# T-Mobil Rechnung hoch durch ICE Netz?



## Idefix Windhund (7. Mai 2011)

Guten Morgen,
ich bin am 16.04 mit dem DB Inter City Express nach S. Gmünd gefahren und habe im Handy Bereich mit dem iPhone 3G S ein bisschen im Internet gesurft. Heute erhalte ich meine Handyrechnung wo eine Datengebühr zur Ausländischen Mobilfunknetz Europa Moon drauf steht und diese Verbindung knapp 10€ kostet. Ich fuhr mit dem ICE konstant innerhalb von Deutschland. Wie kommen die also drauf das ich im Ausländischen Netz gesurft habe?

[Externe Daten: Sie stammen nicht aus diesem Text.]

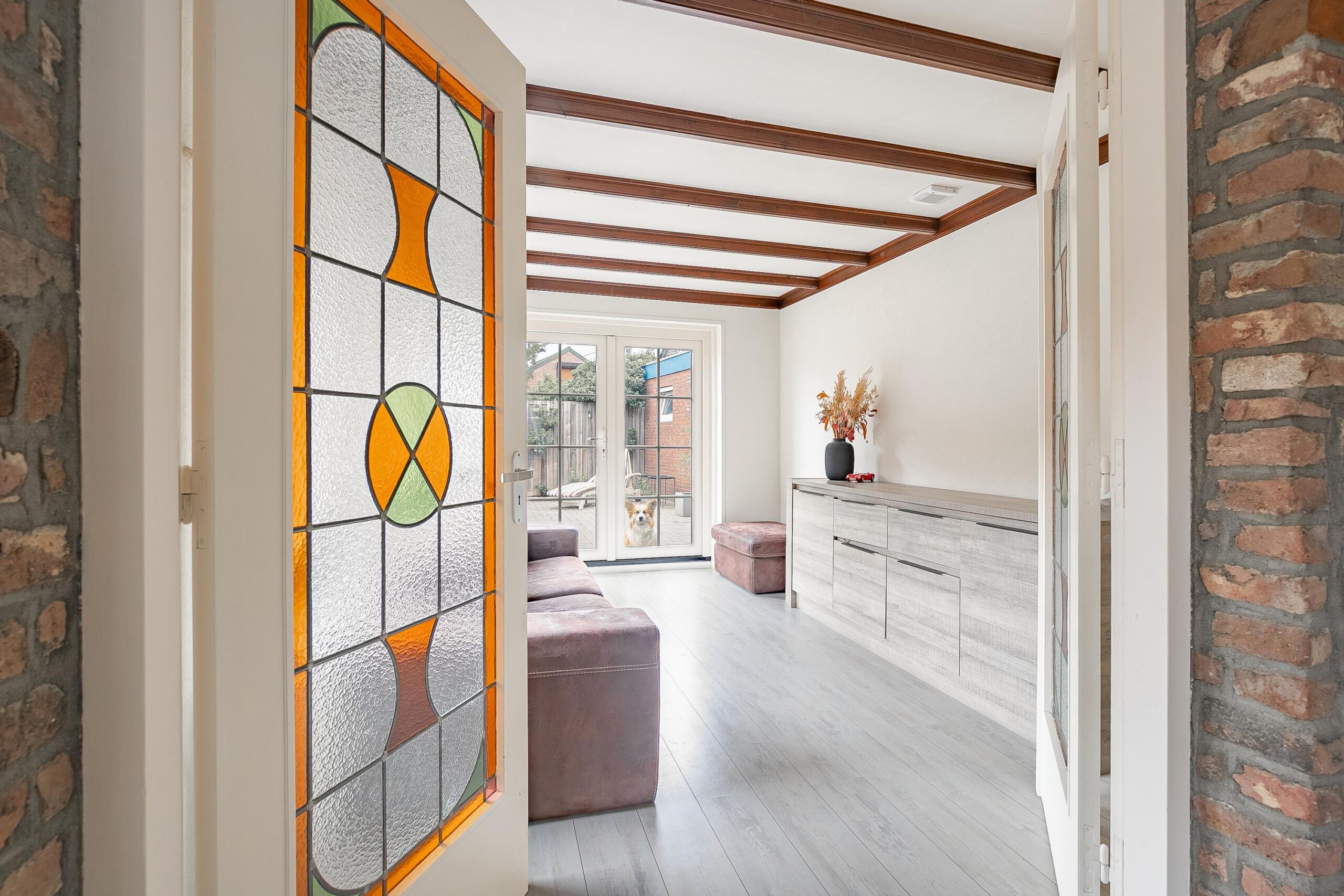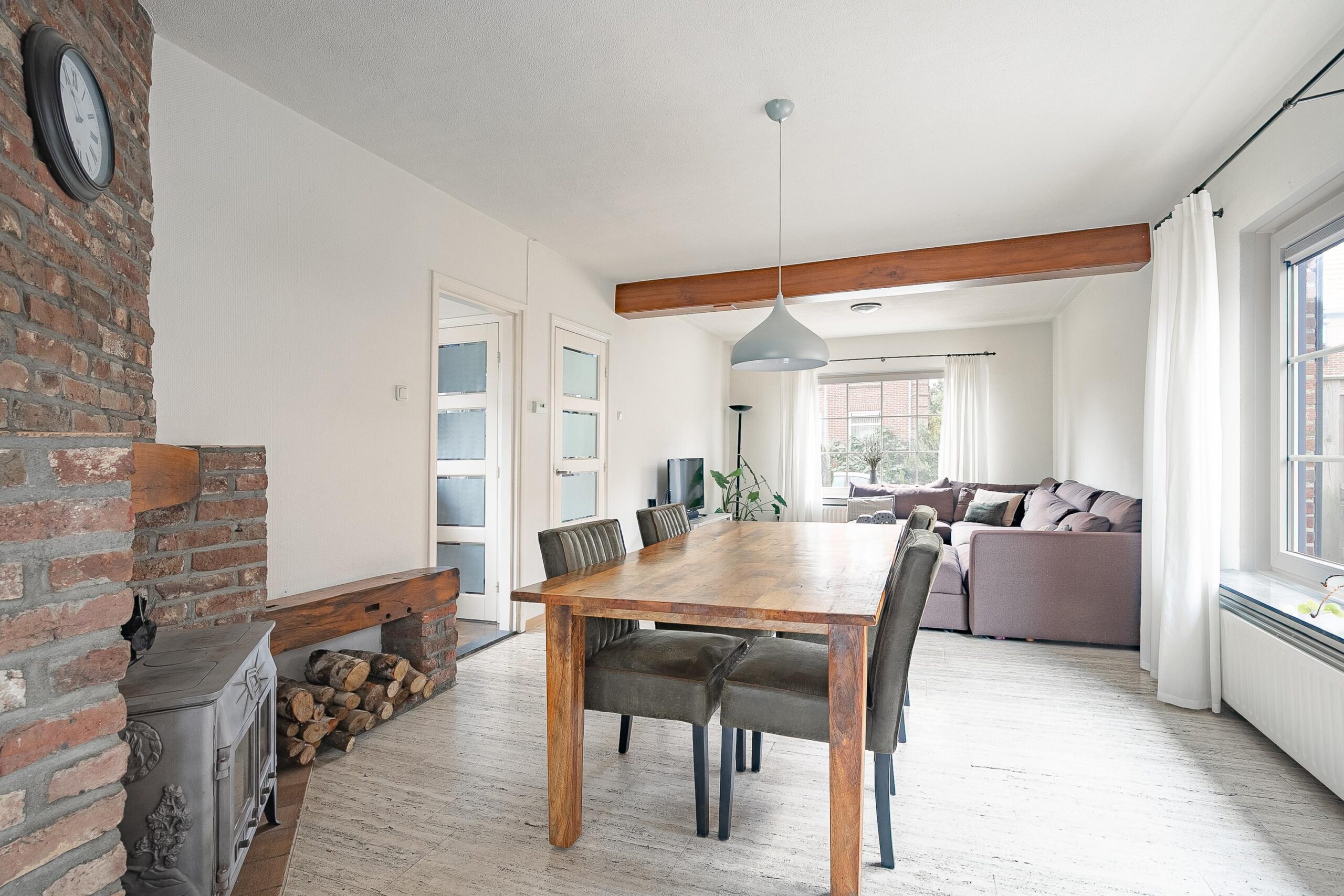 De lichte woonkamer (ca. 31 m²) ademt sfeer dankzij de mooie travertinvloer, een gezellige houtkachel en dubbele openslaande glas-in-looddeuren naar de tuinkamer/aanbouw.
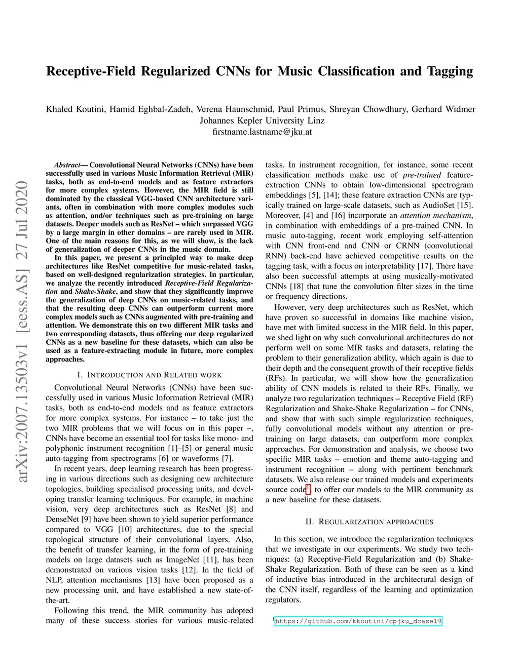Receptive-Field Regularized CNNs for Music Classification and Tagging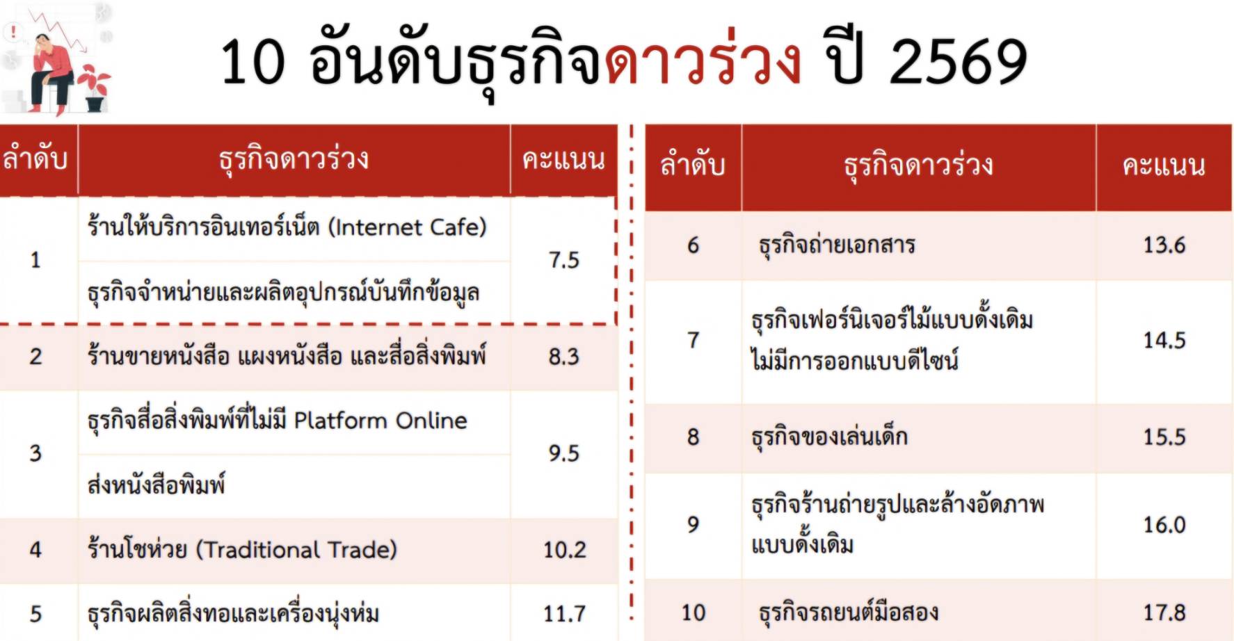 *10 อันดับธุรกิจดาวร่วงปี 69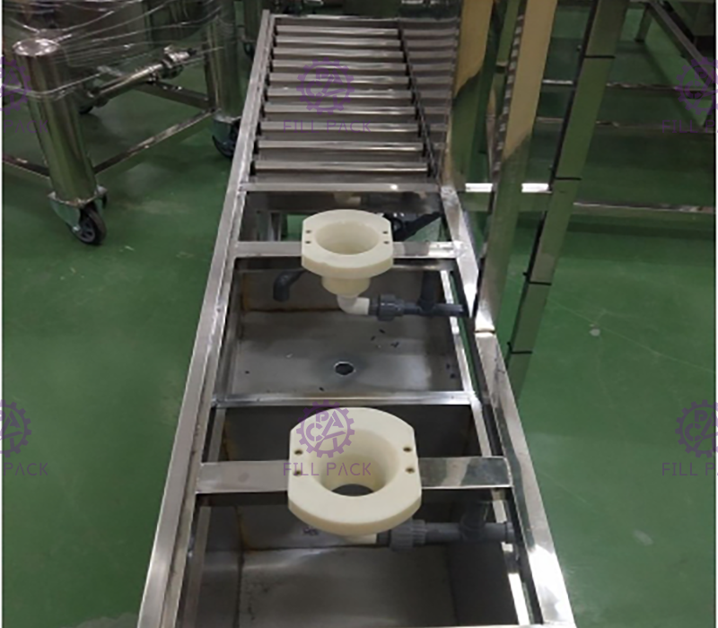 6) Después de llenar el bidón, luego mover a la plataforma operativa de la taponadora, liberar la tapa manualmente con una glándula artificial.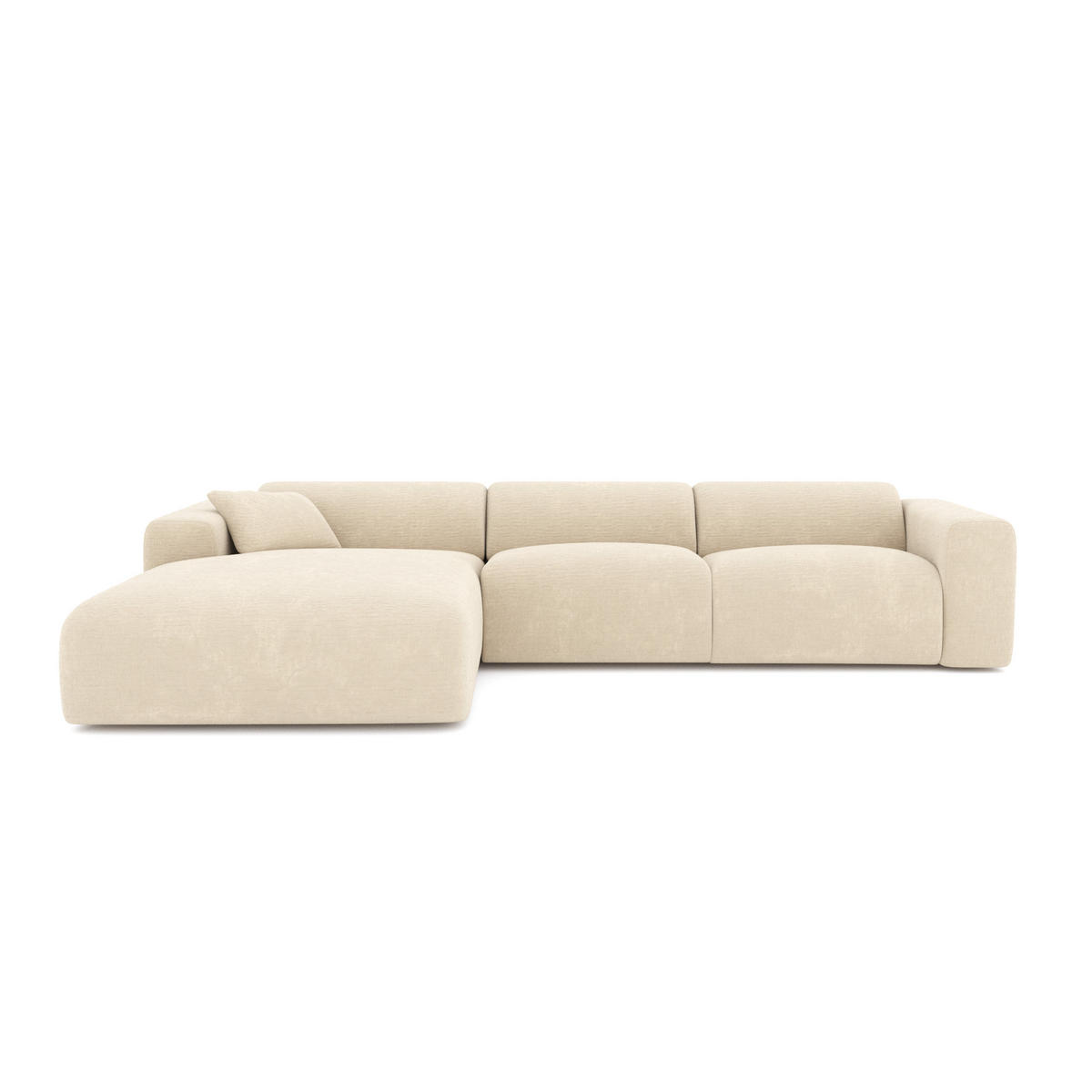 Pflege: Regelmäßig absaugen. Leichte Flecken mit einem weißen Tuch und Seifenwasser entfernen. Professionelle Reinigung für starke Flecken.Die Ecke ist links mit Blick auf das Sofa..

Der Inter City Express nutzt doch Deutsche Netze oder täusche ich mich da?

Gruß

Game S.


----------



## v3rtex (8. Mai 2011)

*AW: T-Mobil Rechnung hoch durch ICE Netz???*

Bisher habe ich auf mehreren ICE Fahrten mit dem Handy gesurft.
Dabei werden jedoch ausschließlich GSM Repeater netzunabhängig eingesetzt.
Die ICE eigenen WLAN Hotspots sind aber wieder etwas anderes (Da ist ein Login notwendig)

Jailbreak?
Ich denke dabei eher an etwas auf dem Handy das Unfug treibt.

Europa Moon scheint ein Netz aus Tschechien zu sein, jedefalls von Schwäbisch Gmünd etwas entfernt.


----------



## Idefix Windhund (8. Mai 2011)

Weder JB  noch ist Roaming aktiviert


----------